Each cue should be rendered at 4 different threshold levels: -2dB, -4dB, -6db, and then a mad -9dB setting just to hear what the plug-in sounds like when really pushed. 
If the plug-in has an auto release control use that. If not, set the release so it sounds best for that particular cue. We might as well hear each plug-in at it's best! Similarly if the plug-in has a look ahead parameter then use it.

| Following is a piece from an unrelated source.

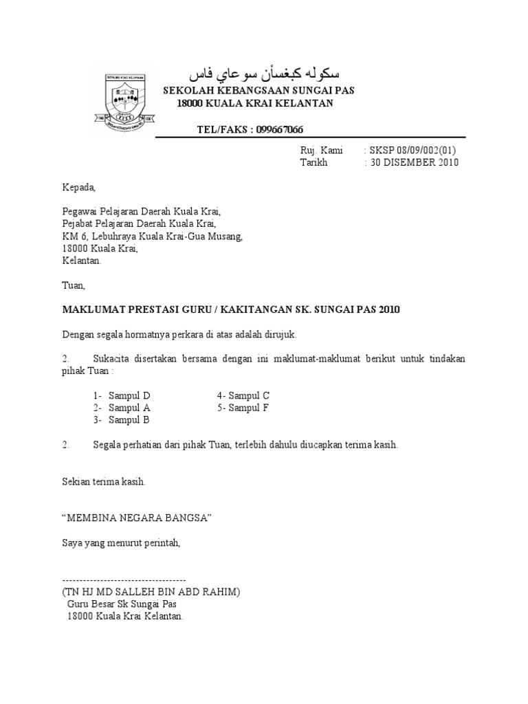 Contoh Surat Rasmi Kepada Jabatan Imigresen Surat Rasmi H

As Waywyn has pointed out, if anyone wants to use multi-tools like Ozone, just use the limiter, no mulitband compressors or enhancers since this would completely give a wrong impression.


----------



## Revolvermusic (Oct 13, 2005)

I have Finis, L1, L3, and Inflator.
I'm not sure I have the time to do all of them, but I can contribute with some.

@nders


----------



## Marsdy (Oct 13, 2005)

Revolvermusic said:


> I have Finis, L1, L3, and Inflator.
> I'm not sure I have the time to do all of them, but I can contribute with some.
> 
> @nders



It would be great if you could do Inflator. 

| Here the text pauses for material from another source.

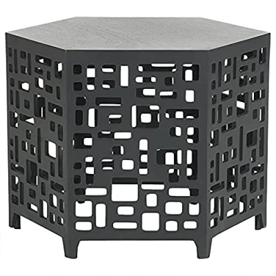 Safavieh Hexagon End Table. Perfect for the Living Room, Dining Room, Family Room, Den, Library or Study/Office. Color: Charcoal Grey ; Product Dimensions: 58 X 30 X 44.45 cm Wood Content: Bayur Wood Assembly Required: No ; Country of Origin: Indonesia Wood is a natural material with variations of color shade, configuration, streaks, and grain structure. Each individual piece of Safavieh furniture has characteristic markings that will differ from photo and showroom samples. Regular attention and maintenance of fine furniture can ensure its beauty for years to come. Always use felt pads under all articles to prevent discoloration or softening of any lacquer surfaces such as hardwood floors or tiles. Plastic and rubber bases on items can discolor wood. Frequently dust with a clean, lint-free cloth or feather duster. Avoid the use of chemicals and household cleaners as they may damage the finish.

I think I can do Finis because there's a time limited demo but I'll check on that.


----------



## Revolvermusic (Oct 13, 2005)

ok, I'm in.

@nders


----------



## Revolvermusic (Oct 13, 2005)

I forgot to mention one thing about the Inflator.
It works a bit different then your average Limiter.
It has Effect, which is goes from 0 to 100 %. Then you have Curve, which modifies the processing characteristics and sonic effect, so you can not set a threshold at -2dB.
It's hard to compare. It's nowhere near the effectiveness the L3 has, but I find it more musical, open and discrete, if that says anything. I have to say though being more a pop/TV/radio guy I usually end up with the L3, allthough I really like and wish I used the Inflator more.
Here's the PDF manual if anyone wants to have a look at it.
http://www.sonyoxford.co.uk/pub/plugins-sony/support/pxinfg2.pdf (http://www.sonyoxford.co.uk/pub/plugins ... xinfg2.pdf)
@nders


----------



## Marsdy (Oct 13, 2005)

@nders

I've come across a similar problem already. Level matching the output of each plug in is going to be tricky. For example, Finis sounds louder than the L3 even though they both show 9dB of gain reduction.

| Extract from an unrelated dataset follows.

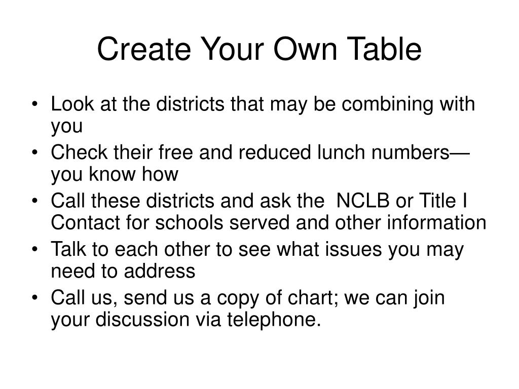 Create Your Own Table • Look at the districts that may be combining with you • Check their free and reduced lunch numbers—you know how • Call these districts and ask the NCLB or Title I Contact for schools served and other information • Talk to each other to see what issues you may need to address • Call us, send us a copy of chart; we can join your discussion via telephone.

I've had a rethink and I'm going to test as many of the plug-ins as I can myself so I can level match them one against the other. Otherwise it is going to be very difficult to compare like with like. 

When this is done, (which might take a good few days since my studio Mac has just blown a CPU!) I'll post the results. Hopefully others can then test what I can't and use the files I've done to level match against. 

So far I'm going to test: Waves L1,2,3, Logic's Adaptive Limiter, DP's Mastwork Limiter, Finis and Ozone. I'm not going to do Digidesign Maxim because I'm realiably informed it's not very good. Are there any AU compatible ones I've missed, preferably cross-platform.

I'm downloading some files from Jose now that have real orchestra and no mastering on.

Smell ya later dudes.


----------



## Waywyn (Oct 13, 2005)

well if you ask me, i would not include the inflator, because the problem on this tool is, that it is no usual limiter in this case. it could easily distort your tracks when you use it wrong, thats why i found this piece of software is really crap a few weeks ago.

the most effective you can get out of inflator is, when you use it AFTER a limiter and you get definitely more punch and volume out of the file. even there is nothing more to get with a limiter. it just makes your song louder again.

so if you use inflator and nothing else on a track you or other people could get a wrong impression of it.


----------



## Marsdy (Oct 14, 2005)

I've done the first test on a real orchestra cue Jose kindly sent me. The Waves L1,2,3, Finis, T-Racks, Ozone, and Logic Adaptive Limiter were tested. 

This 15mb zip files includes the seven tests plus the original un-mastered file...
http://www.btinternet.com/~marsdy/MP3s_Circus_Maximizer.zip (http://www.btinternet.com/~marsdy/MP3s_ ... imizer.zip)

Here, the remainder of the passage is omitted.